(Records drawn from a dataset)
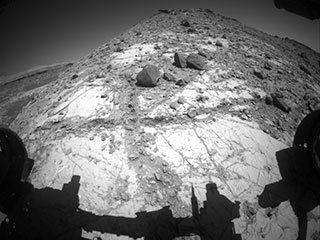 Later this morning, when planning began for Sol 2639, SAM was still marked sick, so the strategically planned bump was replaced with targeted science. Mastcam will extend the stereo mosaic of Western Butte and take a multispectral set of images of the "Ben Eighe" outcrop (upper right of center). After the re-planned bump to fix the wheelie, the AEGIS software will be used to autonomously acquire ChemCam observations of 2 targets in the new workspace, Navcam will search for dust devils, and MARDI will again acquire an image of the ground behind the left front wheel during twilight.
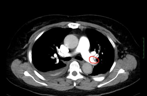 ct上可以看到,患者双侧肺动脉均有血栓形成。
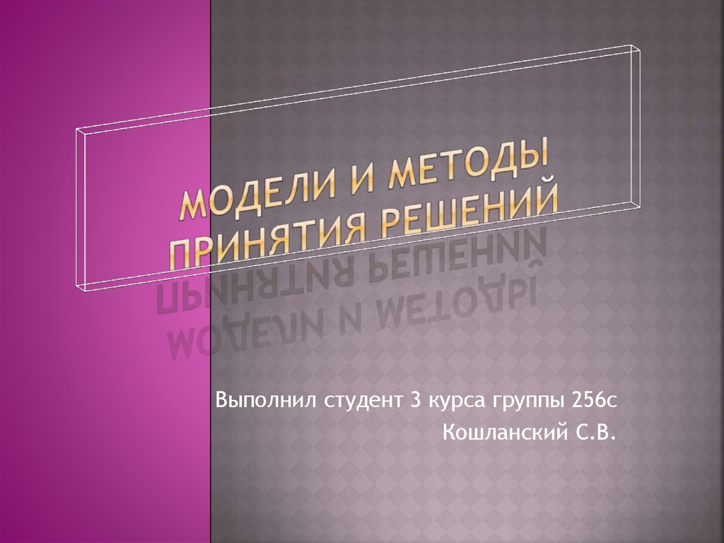 Выполнил студент 3 курса группы 256сКошланский С.В.
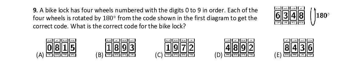 Q9. A bike lock has four wheels numbered with the digits 0 to 9 in order. Each of the four wheels is rotated by 180° from the code shown in the first diagram to get the correct code. What is the correct code for the bike lock?
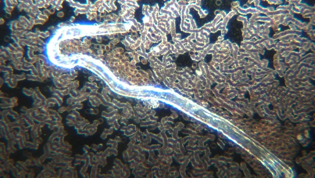 Sau khi tắm nước nóng, các sợi tơ nhân tạo có thể trôi ra khỏi cơ thể của người đã tiêm vắc-xin,. Chúng có thể phát sáng dưới ánh đèn tia cực tím. Những sợi tơ này còn có thể tự co giật, đồng thời chúng cũng có xu hướng bám dính vào da người. Video sau cho thấy một sợi tơ đang cố gắng bám vào ngón tay người.

*Exercise details*: Each entry should appear again exactly as written, pictures excluded.

*Written solution*:
 Later this morning, when planning began for Sol 2639, SAM was still marked sick, so the strategically planned bump was replaced with targeted science. Mastcam will extend the stereo mosaic of Western Butte and take a multispectral set of images of the "Ben Eighe" outcrop (upper right of center). After the re-planned bump to fix the wheelie, the AEGIS software will be used to autonomously acquire ChemCam observations of 2 targets in the new workspace, Navcam will search for dust devils, and MARDI will again acquire an image of the ground behind the left front wheel during twilight.
 ct上可以看到,患者双侧肺动脉均有血栓形成。
 Выполнил студент 3 курса группы 256сКошланский С.В.
 Q9. A bike lock has four wheels numbered with the digits 0 to 9 in order. Each of the four wheels is rotated by 180° from the code shown in the first diagram to get the correct code. What is the correct code for the bike lock?
 Sau khi tắm nước nóng, các sợi tơ nhân tạo có thể trôi ra khỏi cơ thể của người đã tiêm vắc-xin,. Chúng có thể phát sáng dưới ánh đèn tia cực tím. Những sợi tơ này còn có thể tự co giật, đồng thời chúng cũng có xu hướng bám dính vào da người. Video sau cho thấy một sợi tơ đang cố gắng bám vào ngón tay người.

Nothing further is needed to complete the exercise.